Wednesday, September 07, 2011

51. Hell to Pay by William R. Cox

We went up to the Laurentians for an overnight stay at a lakeside hotel with some friends during the Labour Day weekend and during a lunch stop at tourist town St-Agathe, wouldn't you know it, there was an outdoor book sale!  Most of the tables were french or local authors or recent best seller paperbacks in english, except one where the guy had an amazing collection of paperback pulps from the 50s for reasonable prices!  Unfortunately, I felt some social pressure and we hadn't eaten lunch, so I ended up only getting three and regretting not scooping up the others when I had the chance.  Turned out the seller had once own a bookstore and this was left over from his remaining inventory.  He had inherited most of the inventory and didn't know much about old crime paperbacks. The previous owner had, but also had some ridiculously marked-up prices (this one for instance, had $26 pencilled in the inside front cover).  I was actually reading another book, but Hell to Pay starts off so well that I couldn't put it down.

It's the story of  a succesful Manhattan gambler, Tom Kincaid, who is connected to the Syndicate and underworld but manages to maintain his autonomy (to everyone's displeasure).  He keeps the balance until a brief altercation at a dice game with a young punk suddenly puts him in the middle of what appears to be a generational gang war between the Syndicate and these crazy, hopped-up greasers who seem to like violence for its own sake.  The plot is much more complicated than that, with lots of twists and turns.  Right up until the end, there is a mystery as well, which is why the protagonist is so much in the middle of everything.  The reveal was pretty cool and definitely surprising, but that part of the story was not super convincing and it came out a bit soft in the end.

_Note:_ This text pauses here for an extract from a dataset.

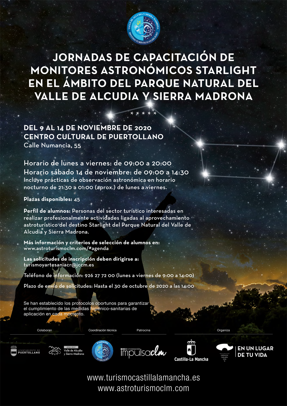 Esta acción formativa se dirige preferentemente a personas procedentes de empresas y profesionales del sector turístico, en especial para los del área del parque natural, e interesados en realizar profesionalmente actividades ligadas al aprovechamiento astroturístico del destino Starlight. Se impartirá en el Centro Cultural de Puertollano y en localizaciones del parque natural en las que se realizarán prácticas de observación en horario nocturno. El curso se desarrolla bajo la coordinación técnica de la Fundación Starlight en modo presencial y cuenta con la colaboración del Parque Natural Valle de Alcudia y Sierra Madrona y sus municipios, así como del Ayuntamiento de Puertollano. Se establecerán los protocolos oportunos para garantizar el cumplimiento de las medidas higiénico-sanitarias de aplicación en cada momento.

What was convincing and really well done, was the milieu.  This is Richard Stark's syndicate, with big, older men with last names only from out of town meeting in fancy residential hotel rooms.  All the locales—the restaurants on Broadway, the garages, the underground dice games and high-roller card games—were richly portrayed and interesting as hell.  The violence, also was compelling and intense ("Like in the Islands during the war, I kept moving, firing").  The cover over-hypes the young punks theme, but it is the central theme and they are truly hateful.  Hell to Pay echoes the conservatism of the genre, but from a strange perspective, because basically everybody is a criminal.  It's just that the older criminals have a code and are doing it for the money and the control, while the young ones are just irrational, cruel and destructive.

For some reason, the language of the action scenes reminded me of The Big Blowdown, when they corner the extortionists in the garage.  Wonder if Pelecanos has read this one?  Anyhow, despite a bit of an easy ending that didn't really fit in with the grit, tension and brutal violence that went on before, this was a solid, satisfying crime novel.